Supplied data:
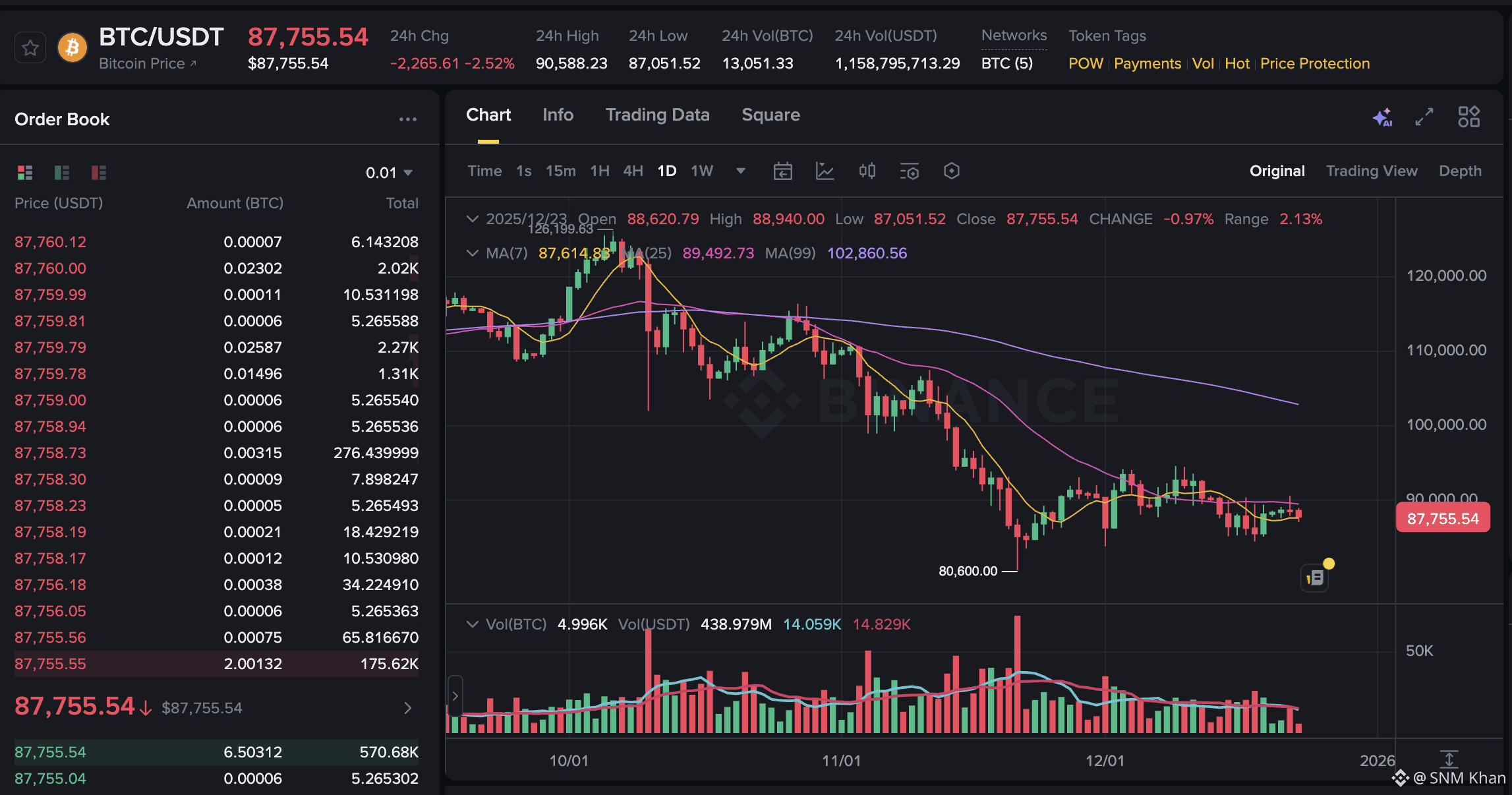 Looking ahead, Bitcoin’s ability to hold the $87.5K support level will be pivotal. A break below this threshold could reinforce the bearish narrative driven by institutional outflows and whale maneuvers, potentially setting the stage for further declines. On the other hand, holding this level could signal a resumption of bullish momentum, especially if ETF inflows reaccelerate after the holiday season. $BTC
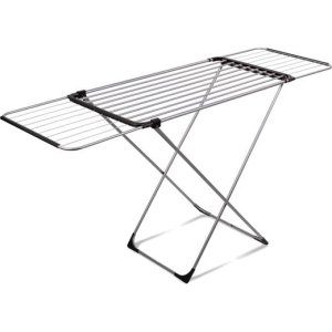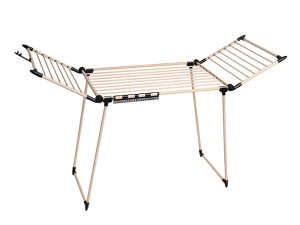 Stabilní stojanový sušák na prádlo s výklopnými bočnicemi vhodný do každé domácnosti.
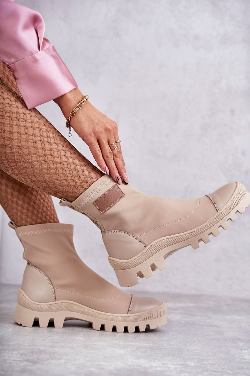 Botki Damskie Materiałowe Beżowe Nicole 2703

The problem: Where the line containing "Stabilní stojanový sušák" appears, begin writing out the lines exactly, and continue through the end of the material above, omitting pictures.

Solution to this problem:
 Stabilní stojanový sušák na prádlo s výklopnými bočnicemi vhodný do každé domácnosti.
 Botki Damskie Materiałowe Beżowe Nicole 2703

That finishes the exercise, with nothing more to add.